One option was to stay up all night, watch the sun rise on the beach, and then sleep on the beach all day. You could eat at Pat's Diner ("For Food That's Finer") in the wee small hours, and walk around the Belmar streets until it started to get light out. The Belmar streets were beautiful Jersey Shore avenues -- Bruce Springsteen's band is named after a Belmar street -- and a middle-of-the-night stroll around town could be pleasant enough. The town is only about a mile square, so you could wind your way along just about all of its streets in a few hours. However, a few vicious sunburns (which I pray won't come back to haunt me later in life) resulted from the daytime beach crashes, and they put an end to that particular experiment.
One summer, a group of guys got a brilliant idea: Why not drive to a rest stop on the Garden State Parkway, sleep in the car or on the picnic grounds, and if the cops came, claim that you were driving home and just got sleepy? With this our plan, about a dozen us would camp out in sleeping bags in the trees behind the Monmouth Rest Stop at Mile 100 on the Parkway on Friday and Saturday nights. There was a Howard Johnson-type restaurant there, open 24 hours, along with lit, heated, reasonably clean rest rooms that came in mighty handy for draining all the Bud that had been consumed over the course of the evening. You could even brush your teeth in there. Meanwhile your buddies were hunkering down in the woods with an FM radio playing stuff like Neil Young's "After the Gold Rush."
By mid-summer the state troopers had caught on to our ploy, and their wakeup visits started coming earlier and earlier. They had a good sense of humor about it, though.
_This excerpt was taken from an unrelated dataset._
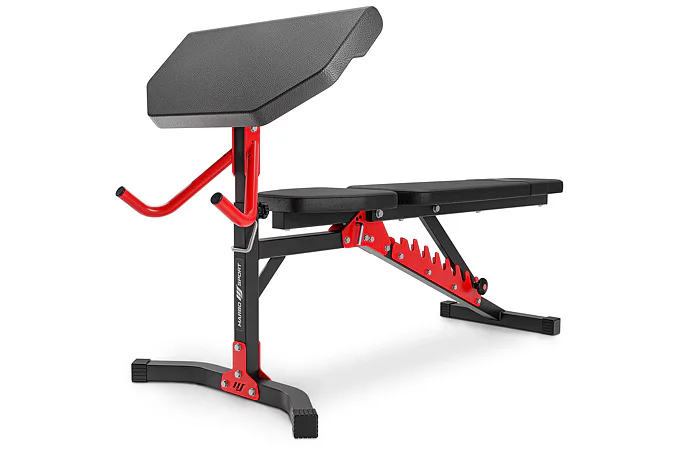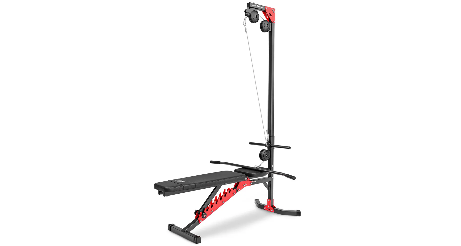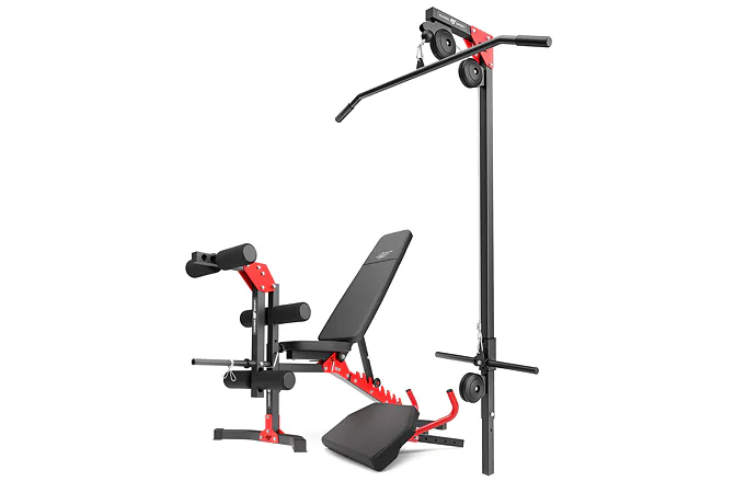 Multifunkční, posilovací lavice MARBO MH-KBH-115 s kopačem, bicepsovou opěrkou a horní i spodní kladkou je univerzální pomocníkem pro domácí cvičení. Lavice má tvarovanou opěrku pro lepší ergonomii a vyšší komfort během tréninku. Součástí lavice je bicepsová opěrka a kopač.
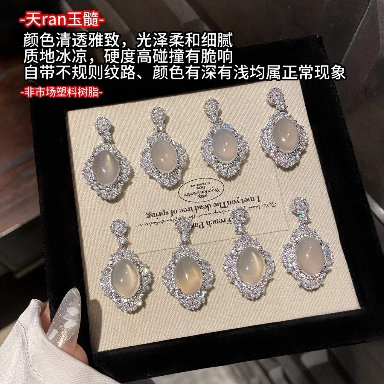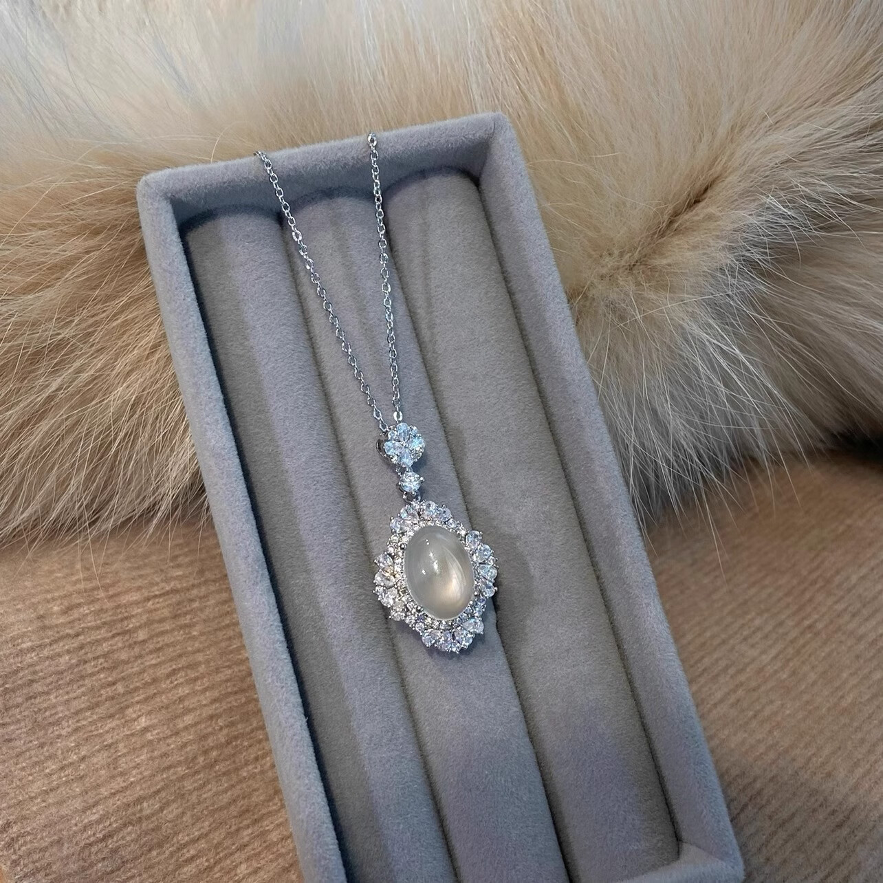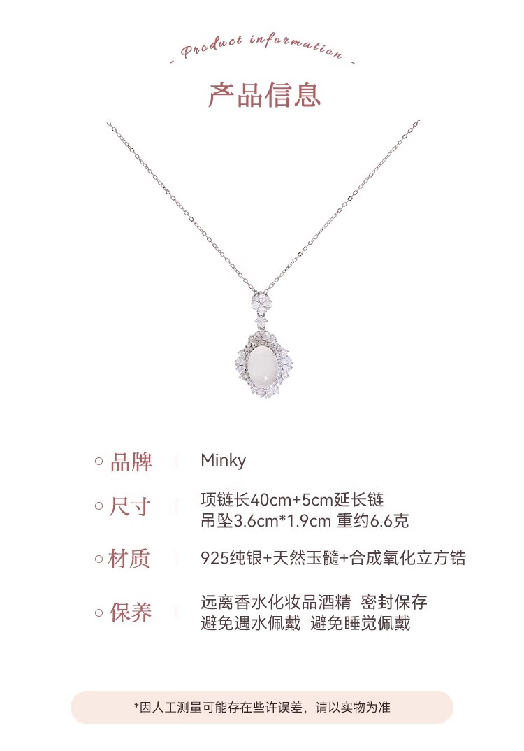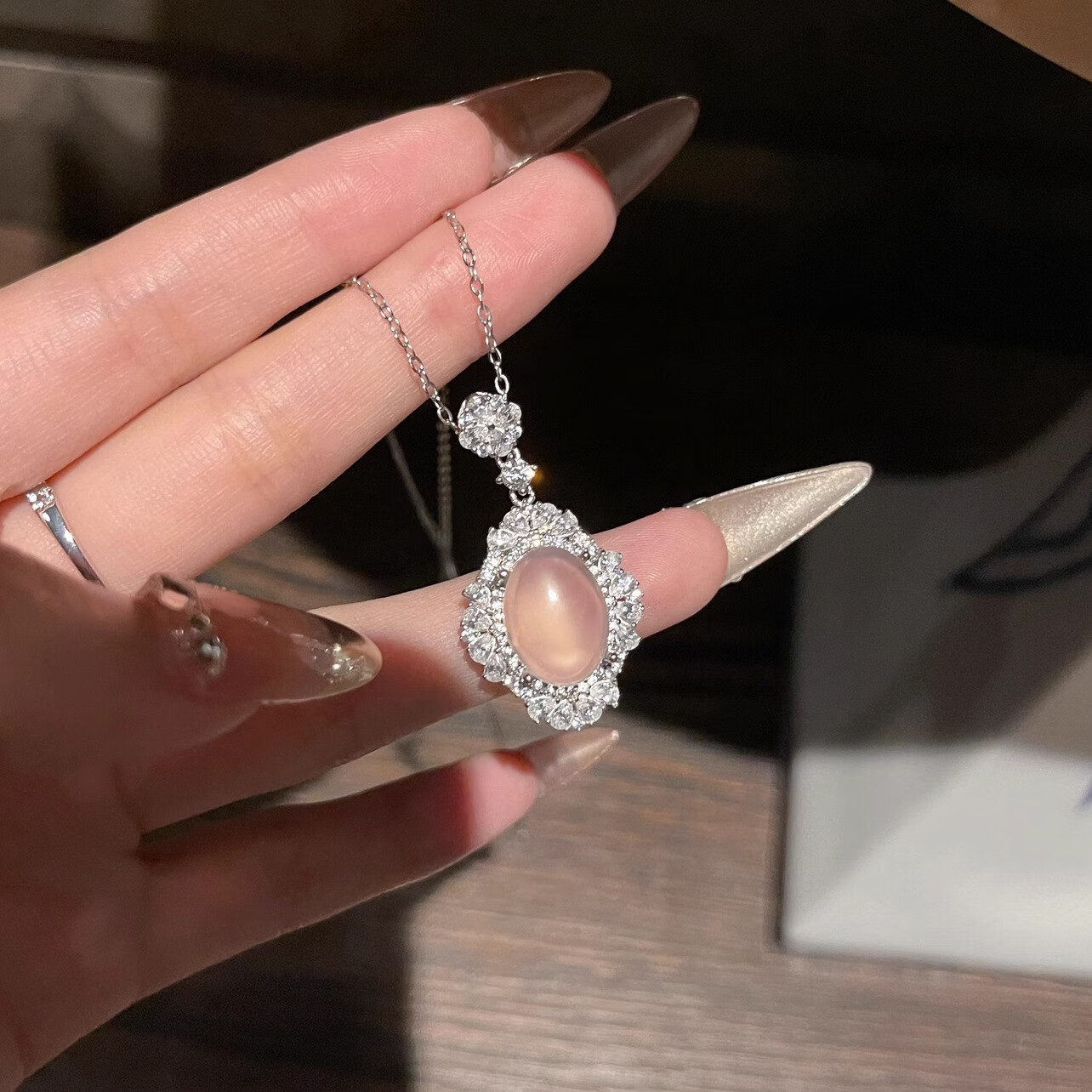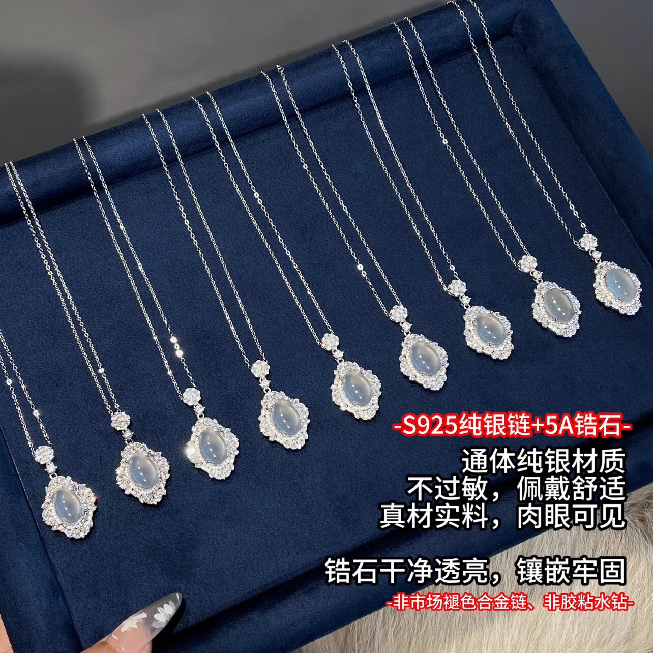 Yijin Gao Bing Chalcedony Pendant Necklace Women's New Chinese Style Necklace S925 Sterling Silver Popular Necklace Clavicle Chain as a Gift for Girlfriend Gao Bing Chalcedony Pure Silver Necklace Quality Gift Box

I remember one officer shouting through his bullhorn: "Wake up! What the hell do ya think this is, Woodstock?"
The next year, enough of us had jobs and spending cash that the options multiplied. There were couches, floor space, porch space, even extra beds available in some of the apartments that the kids rented. We ran for a while with a guy whose uncle operated a creaky old hotel right on Ocean Avenue, and I think I may have even paid for a few nights' stays there.
When I graduated from college, and moved out west, my Belmar days came to a close. But I'll never forget those all-night walking tours, breakfast at Pat's, "lunch" at DJ's, and the brief sleep that came under the stars at Mile 100.
UPDATE, 6/1/04: My old friend Jeff, with whom I shared many Belmar adventures, including all-night strolls in which we played "kick the 'tainer" (a post for another time), tracked me down as a result of this post. He reminded me that the beers at DJ's were seven for a dollar. Now that I think of it, I believe that at the start of our visits to that establishment, that was indeed the price.
But it went up to five for a dollar before my last one. I remember because the approved method of carrying said five beers from the bar to your standing room spot was to insert one finger in each of the five glasses and squeeze them together.